何せ、今まで自分を守ってくれた者が、その実、裏があったのだ。
嘆き悲しむだろう。泣き喚くだろう。
苦しむのだろう。絶望するのだろう。
その顔を想像するだけで、嗤いが込み上げて――、
「く、くききけかきき……ぁ?」
と。思わずシェルアは、とぼけた声を出した。
シェルアの歩みに我を取り戻したサーシャが、小さく悲鳴を上げて逃げていく。
そこまではよかった。それも想定の内だった。
けれど、
「ミコト! わたしの肩に掴まって! 逃げるよ!!」
なぜ?
どうして、その少年を連れ去ろうとする?
「やめろ……」
普通、そこは見捨てるだろう?
恨み言を吐き捨てて、いい気味だと罵って、尻尾振って逃げるところだろう?
「置いていけ……」
なのに、なんだ、その感情は?
その想いは?
――理解できない。
「ミコトお兄さんを返せっェ! 《操魔》ァァァァア!! 沈めっ、『イラヴィティ』ィィイッ!!」
シェルアが金切声を上げて手を振り下ろし、重力を増加させようとする――のは、新たな第三者が現れるより遅かった。

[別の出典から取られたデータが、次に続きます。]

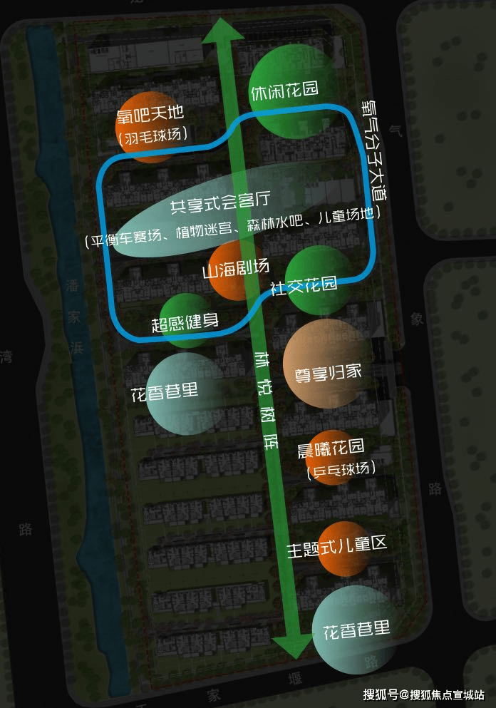 △规划空间 | 约400M慢跑环,健康愉悦;无界林气剧场,步步入境;环绕式景观会客厅,宜居谧境;主题式全龄活动场,玩乐随心;活力氧气分子跑道,尽情奔跑;入户归家空间,礼序敬呈;9 个主题社交花园,缤纷舒适;多功能阳光草坪,休闲美好

唐突に現れた《千空》の使徒――ユウマ・クガが、ミコトとサーシャの肩を掴み、『転移』する。
重力がすべてを押し潰すのは、その直後のことだった。
「クソがぁぁあああああ! このタイミングで来るかっ、愚図めぇぇぇえええええ!!」
シェルアはしばらく地団太を踏んだのち、ころりと怒りを収めた。
神族たち全員を戦闘不能に追い込んだロトに、森の捜索を命令する。
「さて。他人二人と一緒にぴょんぴょん跳べるほど、《千空》の使徒は優秀じゃない。そう遠くには行けないはずだよ」
――絶対に追い詰める。
◆
シェルアの推測通り、ユウマは遠くに離れられていない。
だいたい、消耗のことを一切考えずに駆け付けたのだ。――残りは、最大級の目的を達するためだけの体力しか、残されていない。
ミコトはうわ言ばかり吐き続け、目の焦点も合っていない。
体からは一切の力が抜けていて、動けそうにない。
ひとまず大木の陰に寝かせて、悠真はサーシャを見やる。
「えっと、その……助けてくれて、ありが――」
「勘違いするなよ」
「……」
ミコトを救うためと、協力していた頃と、まるで違う。
サーシャに向けられるユウマの眼からは、一切の温もりが失せていた。
敵意。殺意。
心を凍らせている。
「尊。俺は、決めたよ」
サーシャから視線を外し、ミコトだけと向き合う。
そして、若干の迷いさえも切り捨てるように、ユウマは吐き捨てた。
「――サーシャ・セレナイトを見殺しにする」
ユウマは告げた直後、サーシャの胸倉を掴み上げる。
懐をまさぐり、取り出すのはミコトの魔道バッグだ。
サーシャを離し、大木に叩き付けると、魔道バッグの中に手を入れる。
そうして取り出したのは、ぼろぼろになった――確かミコトが、ケイタイデンワと呼んでいたもの。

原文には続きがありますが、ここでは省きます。